You can actually in really rare instances get disorientation in VFR slightly hazy conditions. I used to fly out of SNA-POC-CCB CABLE.......never had a problem at night on the gauges or my occasional ventures into fog including several ILS practice approaches into Bracket.
One afternoon I took off out of Cable and went down to the old Norton base for some touch and goes and a simulated engine out or two on 10,000ft runways. On the way back it was the usual route along the base of the mountains north of Cable, a route flown dozens of times. The field is a couple miles from the hills and is on a broad sloping plain going away from the mountain range. As I approached the point where we all turned inbound to the field by the dam, suddenly this feeling I was a couple thousand feet too high came over me and not in a fun way........never had the feeling before or since but it was really powerful and probably due to the descent over the sloping terrain........stared at the field and back at the gauges as I started the approach and it still felt weird.....not a big deal looking out the window at things.......but it certainly brought home how ugly things could get in the soup.........
That sounds scary in a jet everything happens so fast I wonder how many military pilots end up in the ground from spatial disorientation even with best training in the world.
The pilot of the helicopter that crashed in thick fog, killing Kobe Bryant and seven other passengers, reported he was climbing when he actually was descending, federal investigators said in documents released Wednesday (6/17/20).
Ara Zobayan radioed to air traffic controllers that he was climbing to 4,000 feet to get above clouds on Jan. 26, when, in fact, the chopper was plunging toward a hillside where it crashed northwest of Los Angeles, killing all nine people aboard.
The report by the National Transportation Safety Board said Zobayan may have "misperceived" the angles at which he was descending and banking, which can happen when a pilot becomes disoriented in low visibility.
Thanks for the article. Let me be the 1st to say wow I was wrong and am shocked.

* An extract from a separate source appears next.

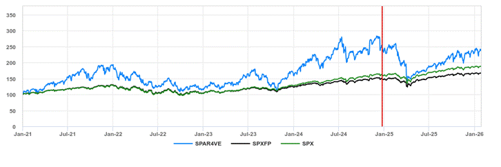 For comparative purposes, the graph below shows the performance, from January 4, 2021 through January 30, 2026, of the S&P 500® Futures 40% VT Adaptive Response Index (USD) ER, the S&P 500® Futures Excess Return Index and the S&P 500® Index.

Wonder why they didn't release that months ago. I've always said that we don't know the last convo they had.
Interesting that the weather the day before was worst and that the company had sent someone looking for the flight.
I've been waiting to see if Vanessa tried to have Kobe's sperm harvested so that she could have a son. I do wonder what was left of everyone after slamming into the mountain and fire. I guess we'll wait to hear a comment from her side next.
Quote:
Originally Posted by CA4Now
The pilot of the helicopter that crashed in thick fog, killing Kobe Bryant and seven other passengers, reported he was climbing when he actually was descending, federal investigators said in documents released Wednesday (6/17/20).

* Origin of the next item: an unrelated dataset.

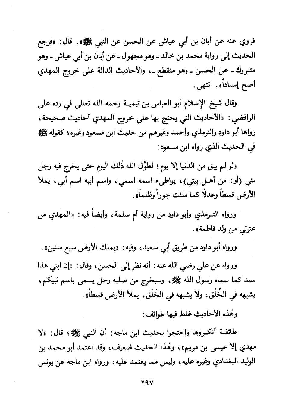 وقال شيخ الإسلام أبو العباس ابن تيمية رحمه الله تعالى في رده على الرافضي: " الأحاديث التي يحتج بها على خروج المهدي أحاديث صحيحة، رواها أبو داود والترمذي وأحمد وغيرهم من حديث ابن مسعود وغيره؛ كقوله صلى الله عليه وسلم في الحديث الذي رواه ابن مسعود:

Ara Zobayan radioed to air traffic controllers that he was climbing to 4,000 feet to get above clouds on Jan. 26, when, in fact, the chopper was plunging toward a hillside where it crashed northwest of Los Angeles, killing all nine people aboard.
The report by the National Transportation Safety Board said Zobayan may have "misperceived" the angles at which he was descending and banking, which can happen when a pilot becomes disoriented in low visibility.